Department of Mechanical Engineering, Indian Institute of Technology Guwahati, Guwahati, 781039, India.
School of Engineering, London South Bank University, 103 Borough Road, London, SE1 0AA, UK.
Sci Rep. 2023 Mar 23;13(1):4811. doi: 10.1038/s41598-023-31461-7.

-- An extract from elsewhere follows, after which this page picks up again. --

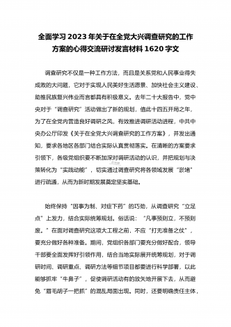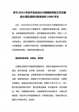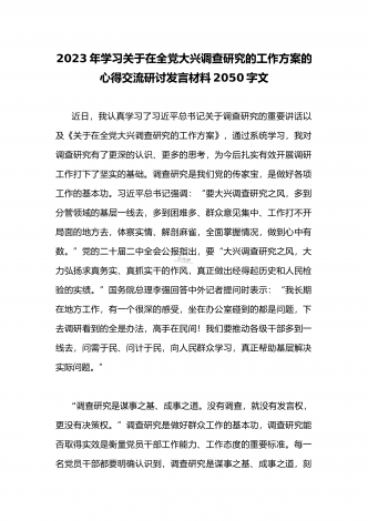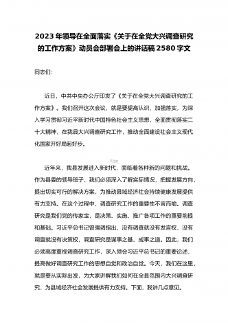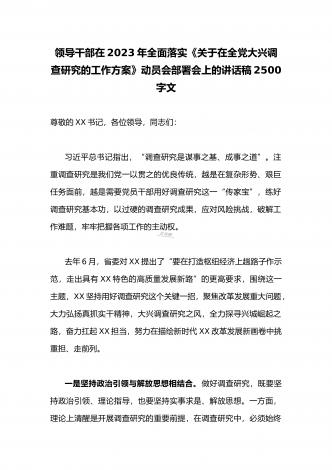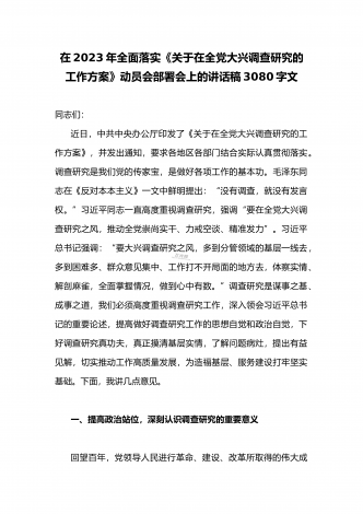 2023年领导干部在全面落实《关于在全党大兴调查研究的工作方案》动员会部署会上的讲话稿3980字文

Nearly ~ 10 types of High entropy alloys (HEAs) can be developed from about 64 elements in the periodic table. A major challenge for materials scientists and metallurgists at this stage is to predict their crystal structure and, therefore, their mechanical properties to reduce experimental efforts, which are energy and time intensive. Through this paper, we show that it is possible to use machine learning (ML) in this arena for phase prediction to develop novel HEAs. We tested five robust algorithms namely, K-nearest neighbours (KNN), support vector machine (SVM), decision tree classifier (DTC), random forest classifier (RFC) and XGBoost (XGB) in their vanilla form (base models) on a large dataset screened specifically from experimental data concerning HEA fabrication using melting and casting manufacturing methods. This was necessary to avoid the discrepancy inherent with comparing HEAs obtained from different synthesis routes as it causes spurious effects while treating an imbalanced data-an erroneous practice we observed in the reported literature. We found that (i) RFC model predictions were more reliable in contrast to other models and (ii) the synthetic data augmentation is not a neat practice in materials science specially to develop HEAs, where it cannot assure phase information reliably. To substantiate our claim, we compared the vanilla RFC (V-RFC) model for original data (1200 datasets) with SMOTE-Tomek links augmented RFC (ST-RFC) model for the new datasets (1200 original + 192 generated = 1392 datasets). We found that although the ST-RFC model showed a higher average test accuracy of 92%, no significant breakthroughs were observed, when testing the number of correct and incorrect predictions using confusion matrix and ROC-AUC scores for individual phases. Based on our RFC model, we report the development of a new HEA (NiCuFeCoAl) exhibiting an FCC phase proving the robustness of our predictions.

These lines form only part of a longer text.